Colbún (Mapudungun: "Cleaning of the land") is a Chilean town and commune in Linares Province, Maule Region. The commune has a population of over 17,000 inhabitants and covers an area of 2900 sqkm, making it the province's largest. Its capital, the town of Colbún, has 3,679 inhabitants (2002 census). It is 7 km west of the center of continental Chile.

==Demographics==
According to the 2002 census of the National Statistics Institute, Colbún spans an area of 2899.9 sqkm and has 17,619 inhabitants (8,943 men and 8,676 women). Of these, 5,152 (29.2%) lived in urban areas and 12,467 (70.8%) in rural areas. The population grew by 3.9% (669 persons) between the 1992 and 2002 censuses.

==Geography==
The Colbún commune is bordered on the west by Yerbas Buenas; on the southwest by Linares and Longaví; on the north by San Clemente (Talca Province); on the east and southeast, by Argentina, and on the south, by Parral and San Fabián; the latter in Ñuble Region.
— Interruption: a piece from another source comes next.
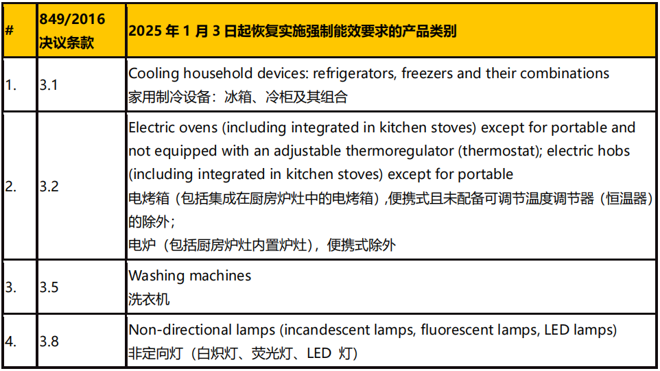 根據白俄羅斯部長理事會 2024 年 9 月 26 日第 708 號決議,白俄羅斯針對 2016 年 10 月 21 日發(fā)布的第849 號決議中列出的部分(四類)使用能源的電器產品將恢復實施強制性能源效率/能效標簽要求,強制實施日期為 2025 年 1 月 3 日。

The municipality of Colbún occupies the easternmost strip of the Province of Linares, which boasts some of the highest provincial peaks and the headwaters of several provincial rivers.

==Foundation and Historical facts==
The municipality of Colbún was officially founded December 30, 1927. Prior to that date the municipality was called Panimávida and had its headquarters in that town. The municipality of Panimávida had been founded May 6, 1906.
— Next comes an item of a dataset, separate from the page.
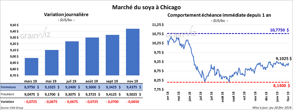Malgré les bonnes données sur les ventes à l’exportation, la majorité des contrats de soya à Chicago ont clôturé dans le rouge de 5 à 6 ½ cents. Les contrats de tourteau aux échéances les plus rapprochées ont également terminé en baisse de 2,70 $/tonne. Par contre, l’huile a gagné 16 points.

From 1913 to 1954 Colbún was the terminus of the narrow gauge Putagán—Colbún railway originating in the city of Linares.

==Administration==

Colbún is administered by Mayor Pedro Pablo Muñoz (Independent), who has been elected for the period 2021-2024, and the Municipal Council is composed of:

- Ángel Cárter Ramos
- Italo Sepúlveda Oses
- José Olivares Quiroz
- Renato Hernández
- Janette Molina
- Jorge Dedes Franco

Within the electoral divisions of Chile, Colbún is represented in the Chamber of Deputies by Jorge Tarud (PDC) and Romilio Gutiérrez (UDI) as part of the 39th electoral district, together with Linares, San Javier, Villa Alegre and Yerbas Buenas. The commune is represented in the Senate by Hernán Larraín (UDI) and Ximena Rincón González (PDC) as part of the 11th senatorial constituency (Maule-South).

==Attractions==
In the vicinity of Colbún there are two well-known Chilean spas: the "Termas de Quinamávida" and the "Termas de Panimávida". In addition, the municipality concentrates the hydroelectric industry of the province, with the important power stations of Colbún and Machicura. The Colbún dam lake is a centre for recreation and water sports although these are highly dependent on water levels, which tend to be erratic.

==Local customs==

===Crafts===
Near Panimávida lies the village of Rari, famous for its unique crafts made of horse hair.